While his ability is not in doubt, it’s fair to say Omar Abdulrahman didn’t perform when it came to the crunch clashes this year. (AFP)
LONDON: Football divides opinions as smoothly as an Omar Abdulrahman pass splits defenses. Player of the Year/Season awards are especially adept at provoking debate, which is one reason why they are so much fun.
The Asian Football Confederation (AFC) prize is a prime example. Abdulrahman, the United Arab Emirates playmaker, is the current holder of the title. A year on, he is back on the three-man shortlist for the 2017 award along with Omar Khribin of Al-Hilal and Syria (pictured right), and Wu Lei of China and Shanghai SIPG.
He should not be there on the back of his performances this year.
Abdulrahman can lay claim to being the most talented player in the whole continent. There is no need to go over the reasons why again. More has been written about the Al-Ain man than any other Asian player in history who has never played outside Asia.
Just because he is the most talented — or is widely regarded as such — does not mean that he is always the top dog in any given year. The Beatles are regarded by many as the best band in history but still burped out Yellow Submarine and Ob-La-Di, Ob-La-Da. George Lucas made Star Wars but was also responsible for The Phantom Menace.
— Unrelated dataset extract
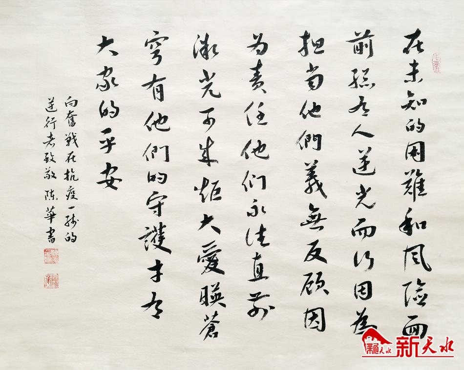 用歌声凝聚力量,坚定抗击疫情的必胜信心;以丹青描绘感动,勾画防控疫情一线工作者的身影……本轮新冠肺炎疫情发生后,天水市文化和旅游局组织全系统文艺工作者积极投身文艺抗疫作品创作,广大文艺工作者满怀深情与担当,创作推出戏曲、诗歌、散文、绘画、书法、短视频等多种形式的文艺作品,以自己的方式,为抗疫贡献一份力量。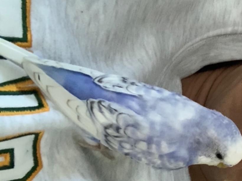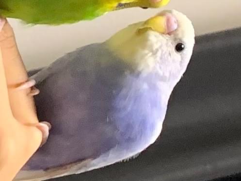 頭が白く背中に少し黒の点模様の入った水色のセキセイインコを探しています。

Abdulrahman has never reached such lows, but 2017 has not been a vintage year for the player. It could have, should have, been his best ever, but in the end it was merely good rather than great.
His club form has been somewhere in between. Al-Ain had a relatively disappointing 2016-17 season by their own high standards, finishing fourth.
In the 2017 AFC Champions League, the 26-year-old was one of the standouts playing a major part of the drive to the last eight. That is where the run ended however. For a club like Al-Ain, the last eight is the minimum of continental targets. Losing 3-0 to Al-Hilal was a major disappointment, and in the second leg the Riyadh-born creator was second best to the Saudi midfielders on display. 
The path to Bangkok,  where this year’s award will be presented at the end of November, runs alongside the road to Russia. The man known as “Amoory” was not at his best this year during qualification for the World Cup, even if something similar could be said for the UAE team in general. The Whites started the third and crucial round very well with a 2-1 win over Japan in Saitama in September 2016. By the end of last year, UAE were sitting in a decent position with nine points from their first five games.
The next five, all played this year, brought just four points. In March, there were two games that were always going to give the team a major shove toward Moscow or ensure that dreams of a busy summer were all but dashed.
In the space of five days, UAE hosted Japan and then traveled to Australia. If those two games had ended in victory, then the nation and its star would be looking forward to a first appearance on the global stage since 1990. Even four points would have made things very interesting.
It was always a big ask against two of Asia’s best teams but it is exactly then, when the pressure is on, that the stars have to step forward.
Abdulrahman didn’t. In both games he had little impact. There had been plenty of hype in the media in both Tokyo and Sydney about the need to stop the reigning Asian Player of the Year. And stopped he was, just like he was in the 2016 Asian Champions League when Al-Ain lost to Jeonbuk Motors in the final.
Such big games don’t only mean the difference between going to a World Cup and staying home, or lifting a trophy and throwing a loser’s medal into the bin, they also forge reputations.
This year Abdulrahman has been found wanting when his skills have really been needed. In terms of overall talent, he may still be Asia’s No. 1, but in terms of 2017 performances, he should not have made the top three.